DATA BELOW
┏━━

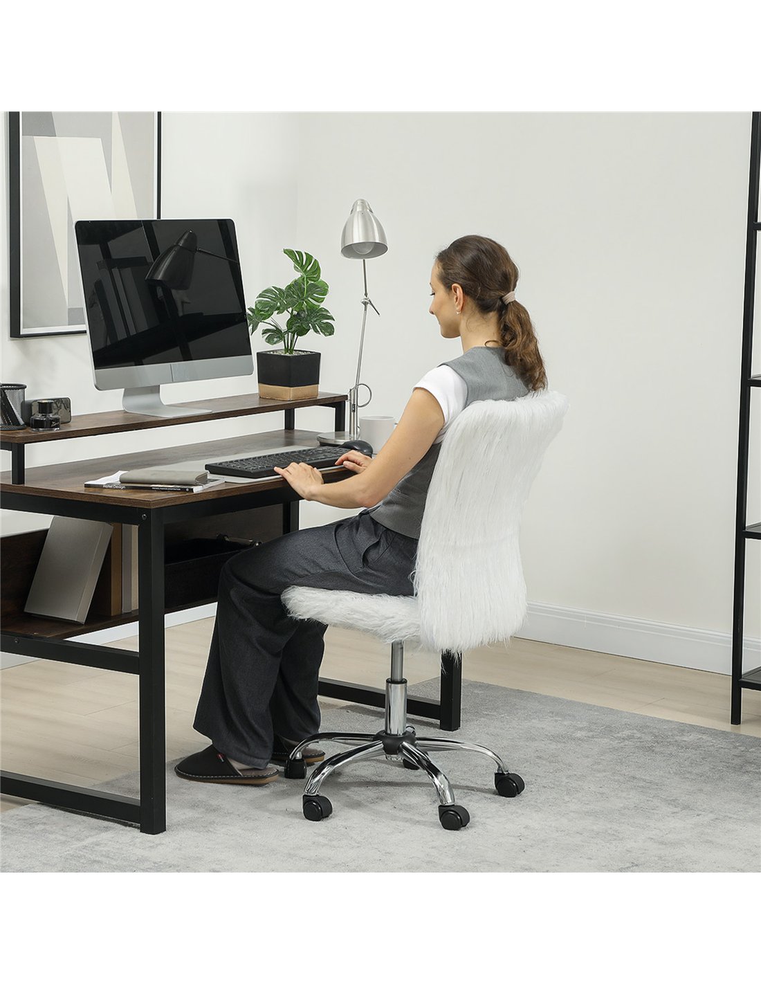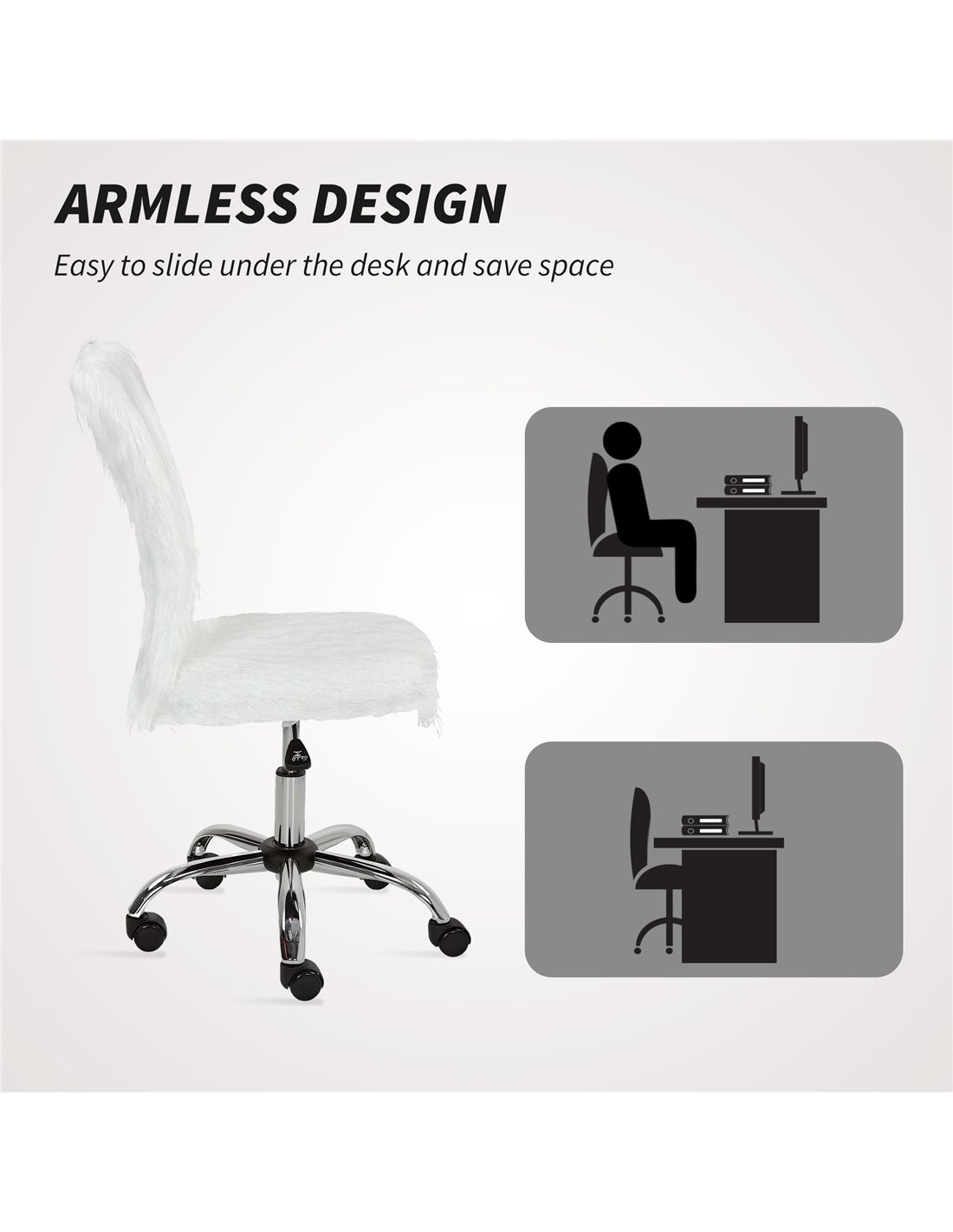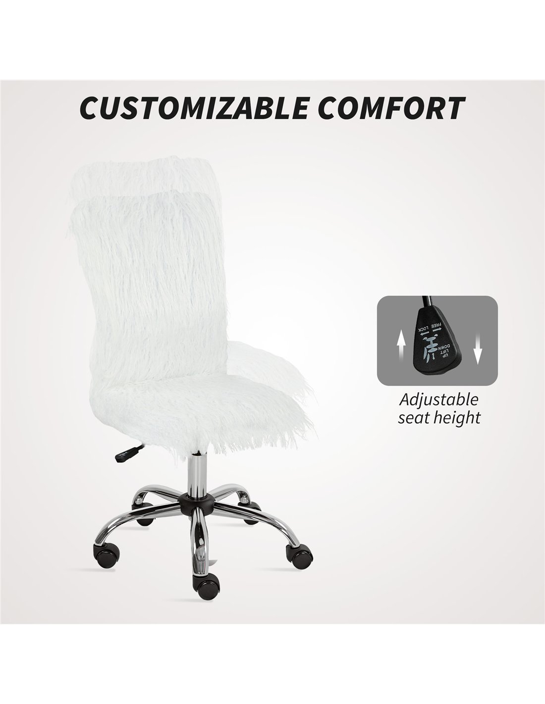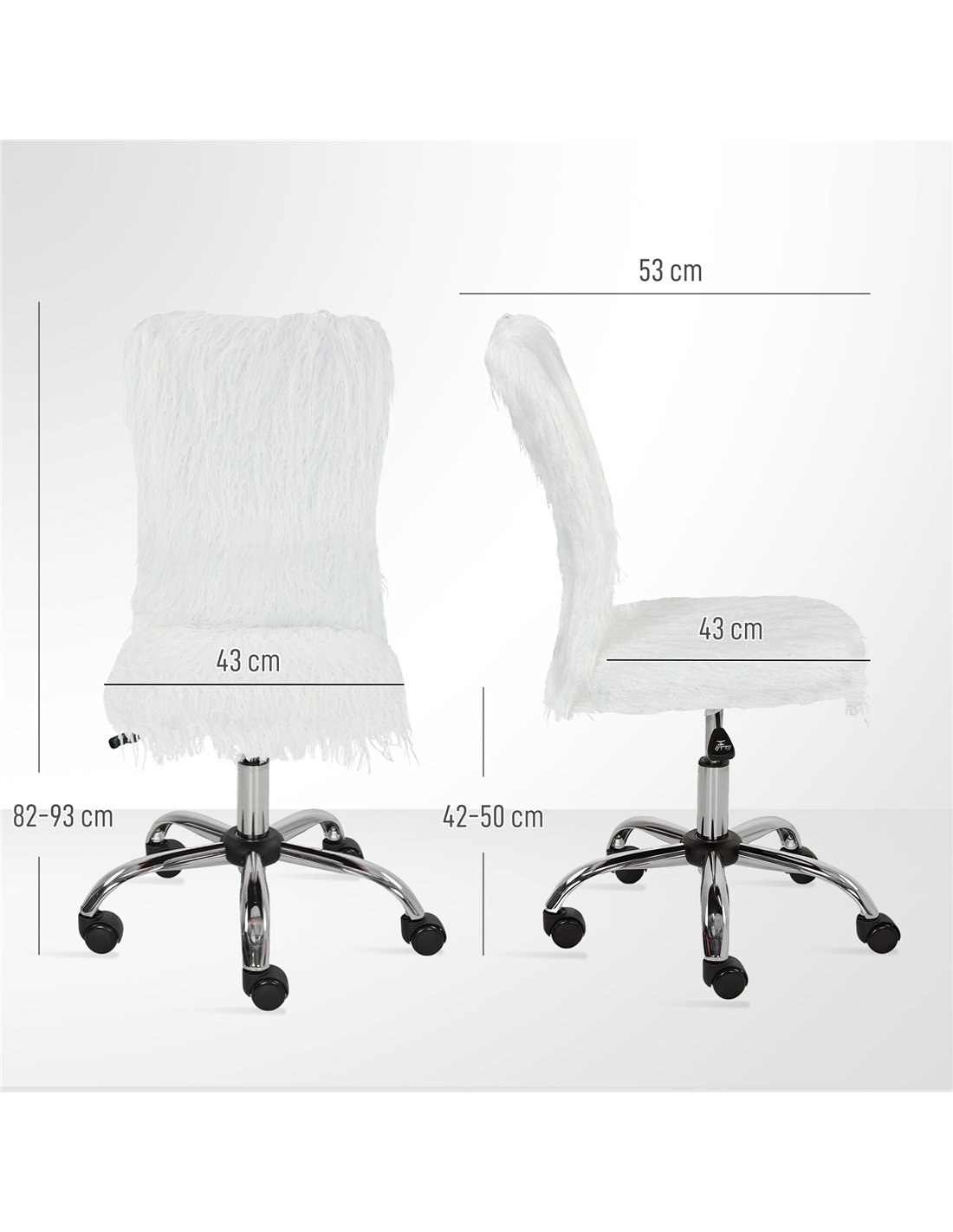 The HOMCOM plush swivel chair is an excellent addition to various living spaces across your home. Ideal for a home office setup, it offers ergonomic support during long working hours, enhancing productivity and comfort. Its sleek armless design and adjustable height make it a perfect fit for vanity tables in bedrooms, providing ease of movement and a stylish touch. Additionally, this chair complements living rooms as a versatile seating option for reading corners or casual workstations. Thanks to its smooth 360° swivel and PU wheels, it glides effortlessly on different floor types, making repositioning hassle-free. Whether used for study, computer work, or as a vanity seat, this chair blends functionality with modern aesthetics.
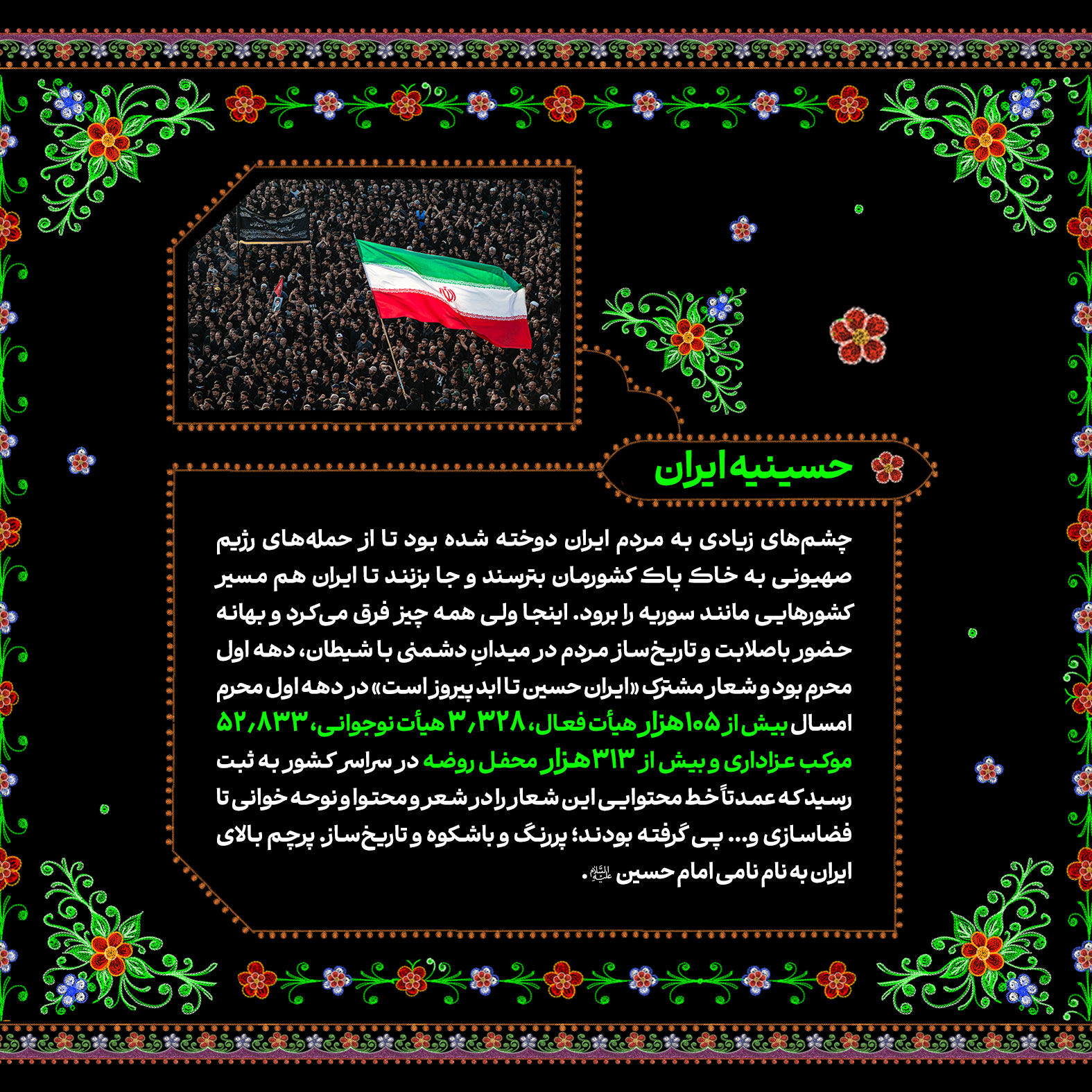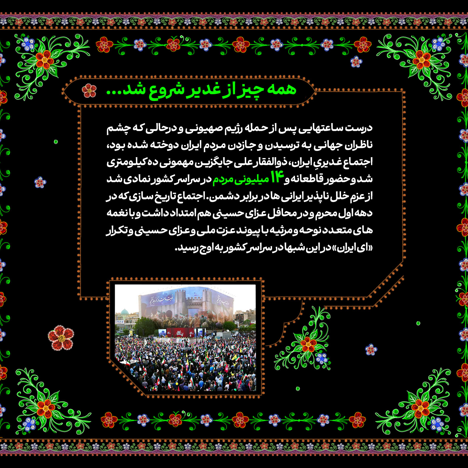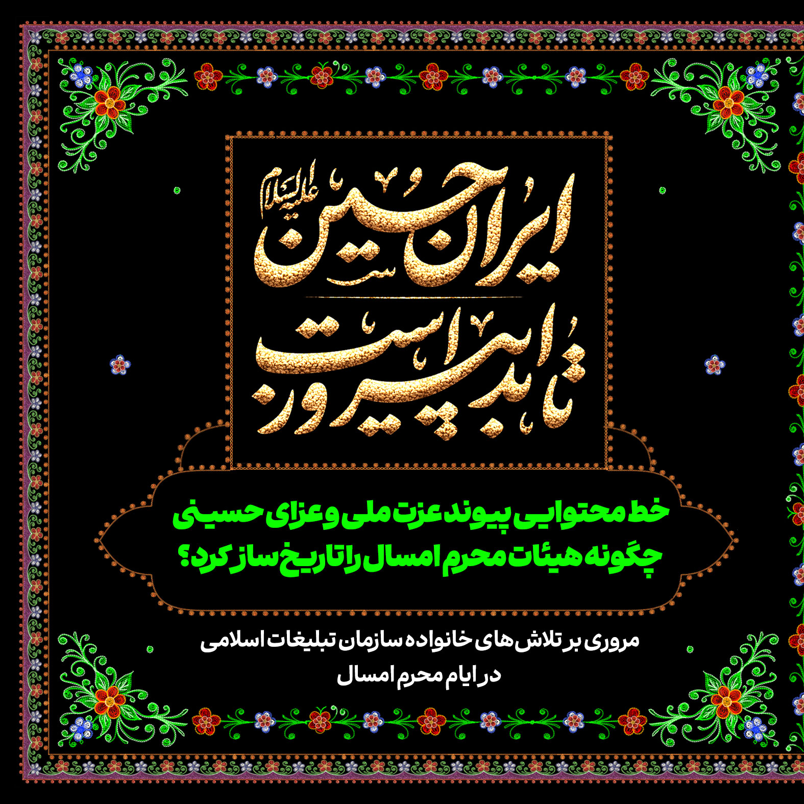 تاریخسازی مردم ایران در ماه محرم امسال تماشایی و پر افتخار بود. مسیری که در روز عید غدیر و درست ساعاتی پس از حمله رژیم صهیونیستی به خاک کشورمان با حضور قاطعانه و ۱۴ میلیونی در راهپیمایی ایران ذوالفقار علی در سراسر کشور آغاز شد و با برگزاری پرشور هیئات محرمی به اوج رسید؛ پیوندی از آیین ایرانی و مکتب حسینی با شعار «ایران حسین تا ابد پیروز است». در این شماره از نشریه دیجیتال مروری کردهایم بر تلاشهای خانواده سازمان تبلیغات اسلامی در ماه محرم امسال.
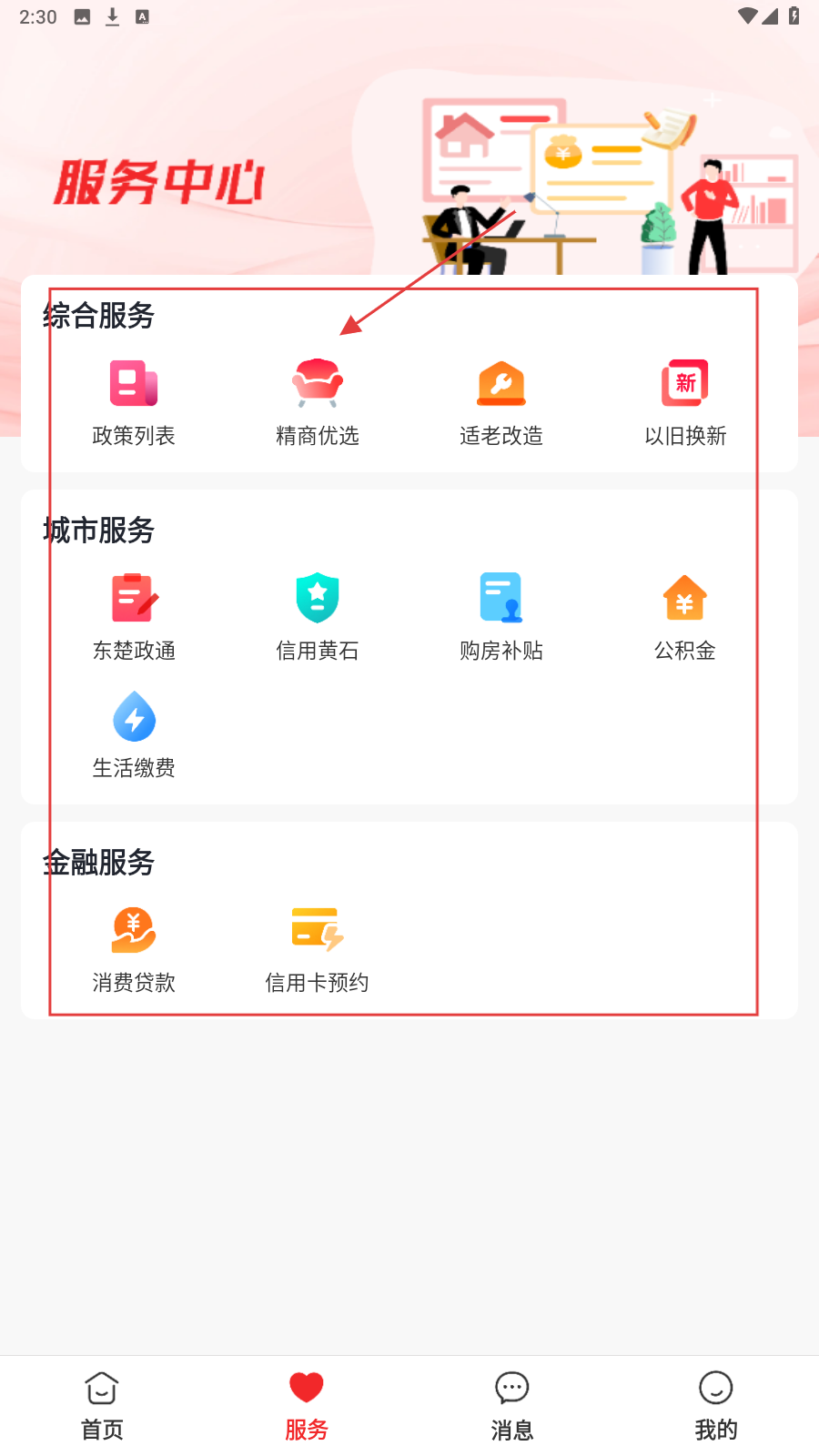 使用服务功能时,进入【服务】页面,选择【精商优选】等选项,即可获取房产相关的综合服务。

┗━━

WHAT YOU SHOULD DO
Leaving out the pictures, output each line above exactly as it is.

ANSWER AREA
 The HOMCOM plush swivel chair is an excellent addition to various living spaces across your home. Ideal for a home office setup, it offers ergonomic support during long working hours, enhancing productivity and comfort. Its sleek armless design and adjustable height make it a perfect fit for vanity tables in bedrooms, providing ease of movement and a stylish touch. Additionally, this chair complements living rooms as a versatile seating option for reading corners or casual workstations. Thanks to its smooth 360° swivel and PU wheels, it glides effortlessly on different floor types, making repositioning hassle-free. Whether used for study, computer work, or as a vanity seat, this chair blends functionality with modern aesthetics.
 تاریخسازی مردم ایران در ماه محرم امسال تماشایی و پر افتخار بود. مسیری که در روز عید غدیر و درست ساعاتی پس از حمله رژیم صهیونیستی به خاک کشورمان با حضور قاطعانه و ۱۴ میلیونی در راهپیمایی ایران ذوالفقار علی در سراسر کشور آغاز شد و با برگزاری پرشور هیئات محرمی به اوج رسید؛ پیوندی از آیین ایرانی و مکتب حسینی با شعار «ایران حسین تا ابد پیروز است». در این شماره از نشریه دیجیتال مروری کردهایم بر تلاشهای خانواده سازمان تبلیغات اسلامی در ماه محرم امسال.
 使用服务功能时,进入【服务】页面,选择【精商优选】等选项,即可获取房产相关的综合服务。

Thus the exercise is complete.